The first book is set in the Red Army during World War II, satirically exposing the daily absurdities of the totalitarian Soviet regime. It was rejected by ''Novy Mir'', circulated by ''samizdat'', and first printed by an emigre magazine in West Germany, allegedly without author's consent, after which Voinovich was banned from publishing his books in the Soviet Union.
Ivan Chonkin, a combination of a Russian folk hero Ivan the Fool and the "Good Soldier" Švejk, is now a widely known figure in Russian popular culture.
==Plot summary==
On the eve of World War II, Ivan Chonkin, the most dispensable soldier, is sent to guard a disabled military plane that crash landed on a kolkhoz (collective farm). Forgotten by his command, he earns favors of a nearby kolkhoznik woman Nyura and moves in with her. Nyura's cow eats the patch of experimental tomato-potato hybrids of the local mad genius agronomist Gladyshev, and in a retaliation the latter sends an anonymous note to NKVD that Chonkin is a deserter.

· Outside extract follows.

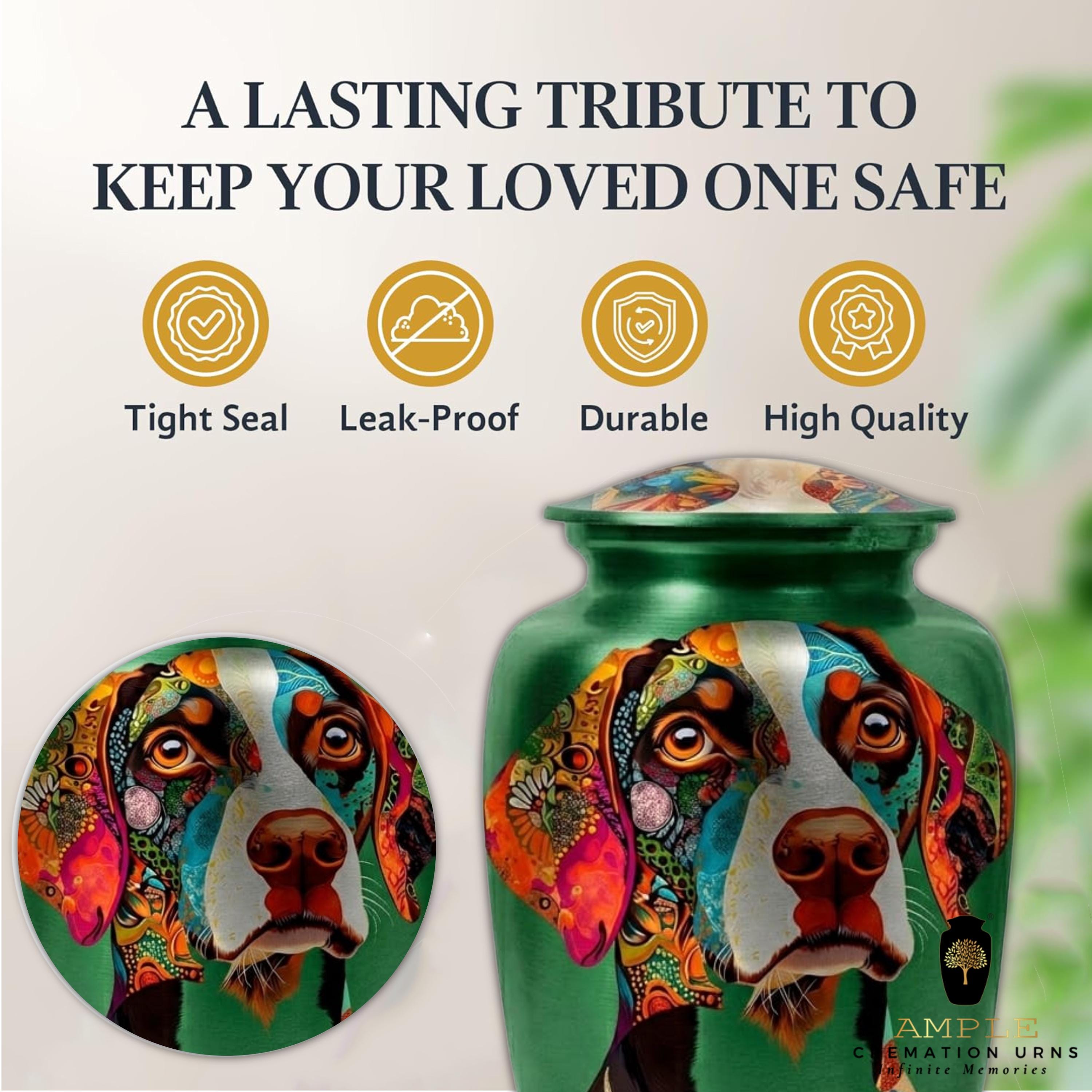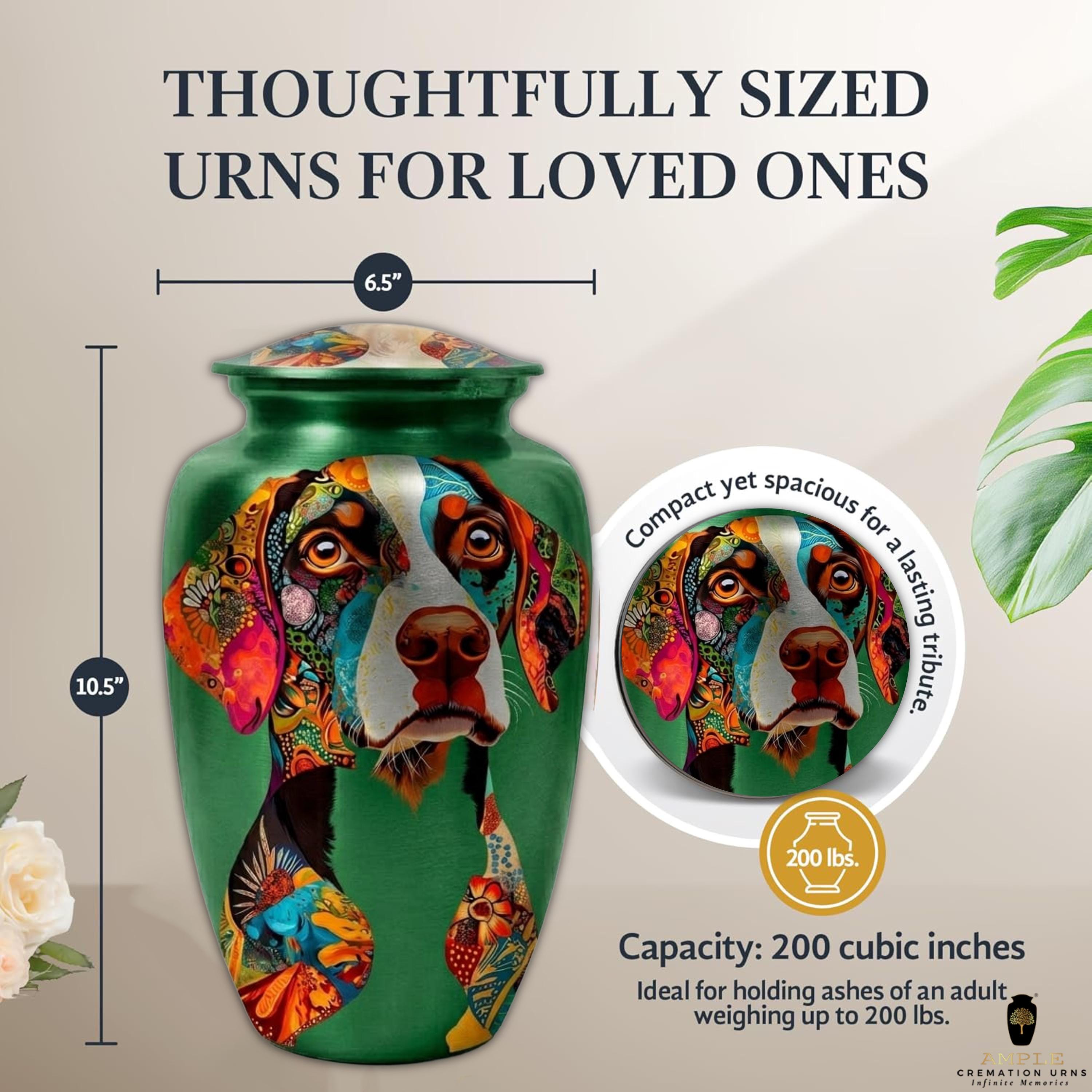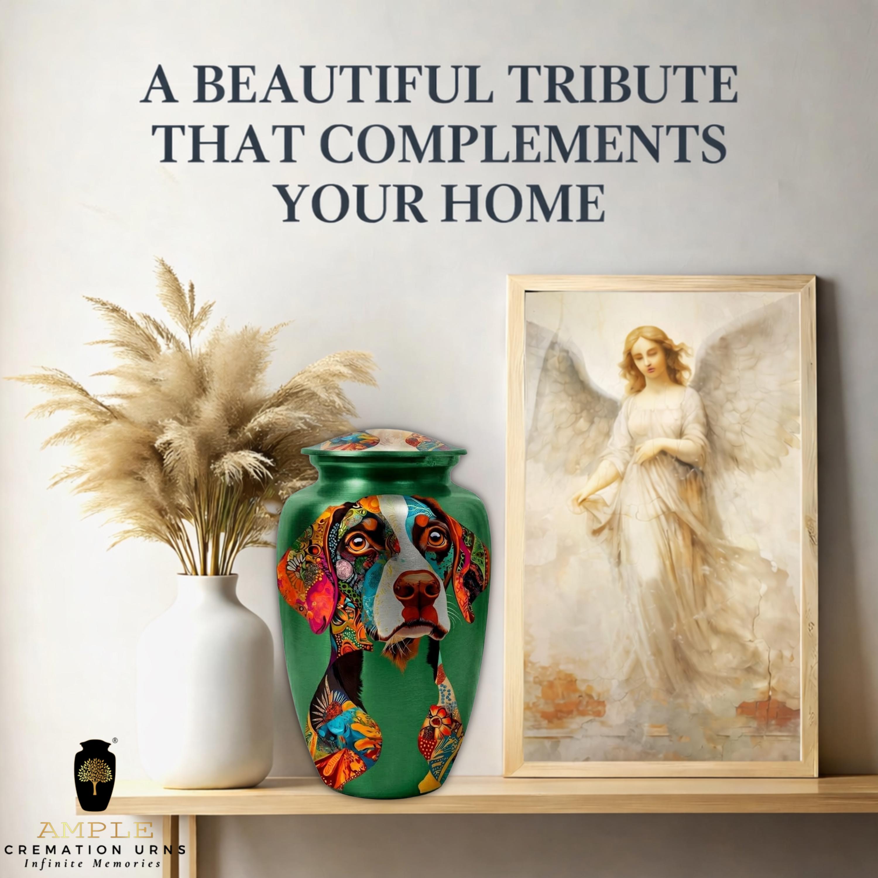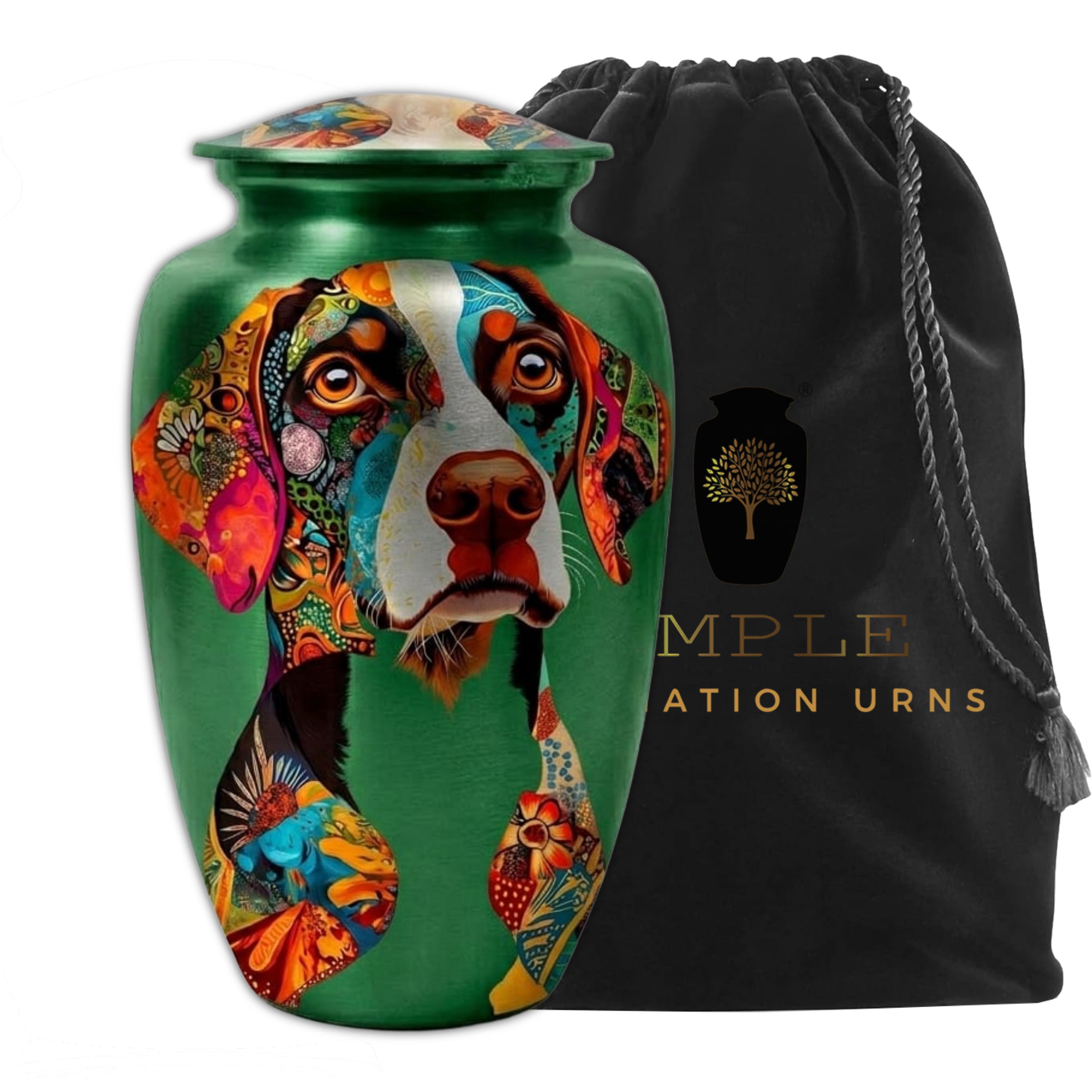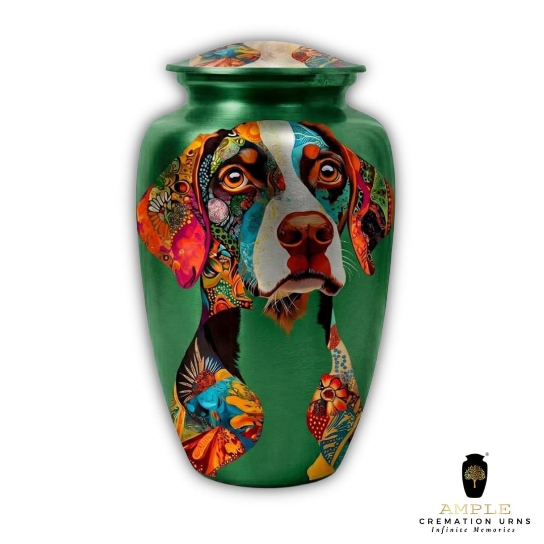 This unique artistic vessel features a soulful portrait of a Pointer dog, beautifully rendered with intricate, colorful mosaic patterns across the face and ears. Set against a rich emerald green background, this design captures the alert and gentle nature of one of the world's most beloved hunting and family companions. Finished with a high-gloss protective coating, this urn is a dignified and deeply personal tribute for a Pointer enthusiast or anyone who shared an unbreakable bond with their faithful four-legged friend.

When NKVDists come to arrest Chonkin, he, being a Good Soldier, refuses to leave the post, and arrests the NKVDists himself. Only after several days the fact of missing secret police is noticed, and the ''raion'' Party leader is told via phone that they have been arrested by "Chonkin and his ''baba'' (woman)", which he mishears as "Chonkin and his ''banda'' (gang)".
A regiment is sent against "Chonkin's gang", but Chonkin successfully fends them off until they use artillery. When general Drynov incredulously learns that Chonkin single-handedly (with his ''baba'') was holding off the whole regiment, he declares Chonkin a hero and awards him an order taken off his own chest. When the NKVD lieutenant shows the order for Chonkin's arrest, Drynov shrugs and tells them to carry out their duty at which point Chonkin is arrested and carried off in the back of the truck to the "Right Place", leaving Nyura on her knees on the road weeping after Chonkin as the scene closes and the book ends. The book ends with the joke on Gladyshev, whose misunderstanding of evolution (that monkeys became man through labor and intelligence) has been thoroughly dissettled by Chonkin's question why horses do not become men if they work harder than men do, finds a note attached to the bottom of a hoof of his dead horse which had earlier disappeared. Supposing the horse had evolved and written the note, he is spooked and crosses himself.